Step	Script	Key outputs
01	`step01_load_and_clean.R`	`data/prism_clean.csv` — merged, cleaned, INT-transformed, with residualized outcomes
02	`step02_eda.R`	Distribution plots, cis vs trans scatter, correlation heatmap
03	`step03_feature_matrix.R`	`data/feature_matrix.csv` — 19 features across 5 groups, VIF < 10
04	`step04_regression.R`	Incremental OLS ΔR² by feature group + elastic net coefficients
05	`step05_rf_ppi.R`	RF variable importance (OOB R²: cis=0.71, trans=0.70, gw=0.65) + PPI stratification
06	`step06_visualisation.R`	PCA of feature space, observed vs predicted plots
07	`step07_string_network.R`	STRING network (threshold=700), 225 Louvain modules, RWR, decile subnetwork analysis
08	`step08_mixed_model.R`	Mixed model ICC, permutation tests (n=10,000 per module)
09	`step09_enrichment.R`	Protein classification, GSEA/ORA (4 residualized outcomes), per-module GO:BP enrichment

Outcome variables

Variable	Description
`R2_cis`	Predictive R² from cis-only pQTL model (local genetic architecture)
`R2_trans`	Additional R² gained by adding trans SNPs beyond cis
`R2_genome_wide`	Predictive R² from full genome-wide SNP model
`R2_ratio`	R²_trans / R²_cis (proteins with R²_cis > 0.001 only)

Residualized outcomes (computed in step01, used in steps 07–09):

Technical confounders (R2_cov, prot_expr, model_sparsity) are regressed out and residuals are z-scored. trans_resid additionally removes the contribution of R2_cis_int.

Residual	Confounder model
`cis_resid`	`R2_cis_int ~ R2_cov + prot_expr + model_sparsity`
`trans_resid`	`R2_trans_int ~ R2_cis_int + R2_cov + prot_expr + model_sparsity`
`gw_resid`	`R2_genome_wide_int ~ R2_cov + prot_expr + model_sparsity`
`ratio_resid`	`R2_ratio_int ~ R2_cov + prot_expr + model_sparsity`

Required input data

File	Size	Description
`data/Full_model.csv`	~650 KB	Feature table (genomic, regulatory, constraint, pQTL per protein)
`data/R2_data.csv`	~190 KB	Outcome table (R²_cis, R²_trans, R²_genome_wide per protein)
`data/9606.protein.links.v12.0.txt.gz`	80 MB	STRING v12 interaction network — download
`data/9606.protein.info.v12.0.txt.gz`	1.9 MB	STRING v12 protein metadata — download
`data/9606.protein.enrichment.terms.v12.0.txt.gz`	38 MB	STRING v12 functional annotations — download

Note: Raw column naming in source CSVs is non-standard — GeneSymbol contains Ensembl gene IDs and gene contains HGNC symbols.

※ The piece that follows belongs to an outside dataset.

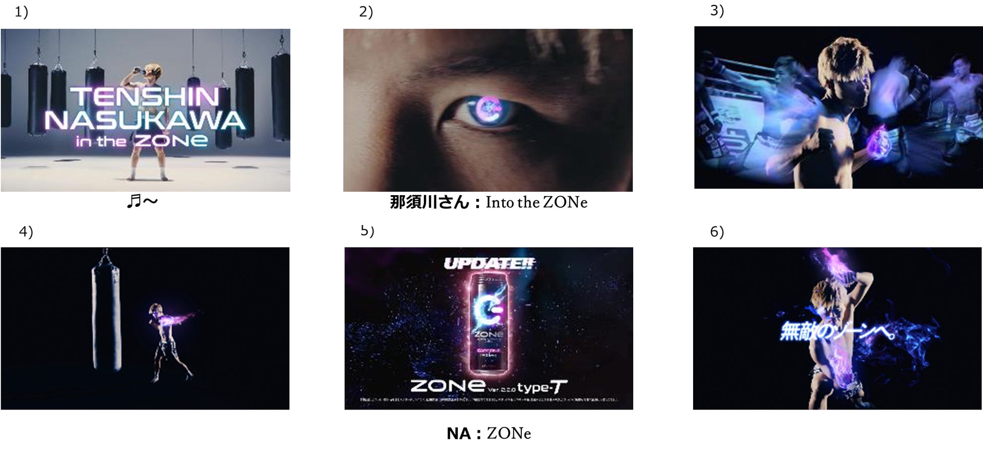 今回のWEBCMでは、無敗記録を保持するキックボクシングを引退し、2022年6月にボクシングの世界へ飛び込む那須川天心さんの“無敵のゾーン”を、キックではなくあえてパンチで表現しています。サンドバッグに囲まれた那須川天心さんが「ZONe」を飲むカットからスタートし、無敵のゾーンに入った那須川天心さんの目には「ZONe EYE」が灯ります。背後には過去の試合映像が走馬灯のように流れ、キックボクシング界で活躍し続けた若き天才の軌跡を映し出します。新たな世界への挑戦を表すパンチがサンドバックを吹き飛ばし、ラストカットでは、「無敵のゾーンへ。」というメッセージと共に、彼の決めポーズである「トリケラトプス拳」が披露されます。

Step 01 renames these correctly.

Installation

R dependencies

# CRAN
install.packages(c(
  "ggplot2", "ggrepel", "ggridges",   # visualisation
  "glmnet",                            # elastic net
  "randomForest",                      # random forest
  "lme4",                              # mixed models
  "igraph",                            # network analysis
  "pheatmap",                          # heatmaps
  "jsonlite",                          # JSON export
  "dplyr", "readr", "scales",          # data manipulation
  "gridExtra", "grid",                 # figure layout
  "msigdbr"                            # MSigDB gene sets (step 09)
))

# Bioconductor (step 09)
if (!requireNamespace("BiocManager")) install.packages("BiocManager")
BiocManager::install(c("clusterProfiler", "org.Hs.eg.db", "enrichplot", "fgsea"))

Interactive viewer (optional)

python3 -m venv .viewer-venv
source .viewer-venv/bin/activate
pip install -r viewer/requirements.txt

Running the pipeline

# Full pipeline (~10–15 min including GSEA)
Rscript R/run_all.R 2>&1 | tee logs/pipeline_run_$(date +%Y%m%d).log

# Individual steps
Rscript R/step01_load_and_clean.R   # must run first
Rscript R/step07_string_network.R   # requires STRING files
Rscript R/step09_enrichment.R       # requires steps 01 + 07 + 08

# Figure panels (run after full pipeline)
Rscript R/step_model_panel.R
Rscript R/step_module_figure.R
Rscript R/step_enrichment_panel.R

Environment variable overrides

Variable	Default	Description
`PRISM_DATA_DIR`	`./data`	Location of raw input CSVs and STRING files
`PRISM_OUTPUT_DIR`	`./data`	Intermediate R outputs
`PRISM_RESULTS_DIR`	`./outputs`	Model result CSVs
`PRISM_FIGS_DIR`	`./figs`	Base figures directory

Interactive results viewer

A read-only FastAPI + Plotly dashboard for exploring pipeline outputs.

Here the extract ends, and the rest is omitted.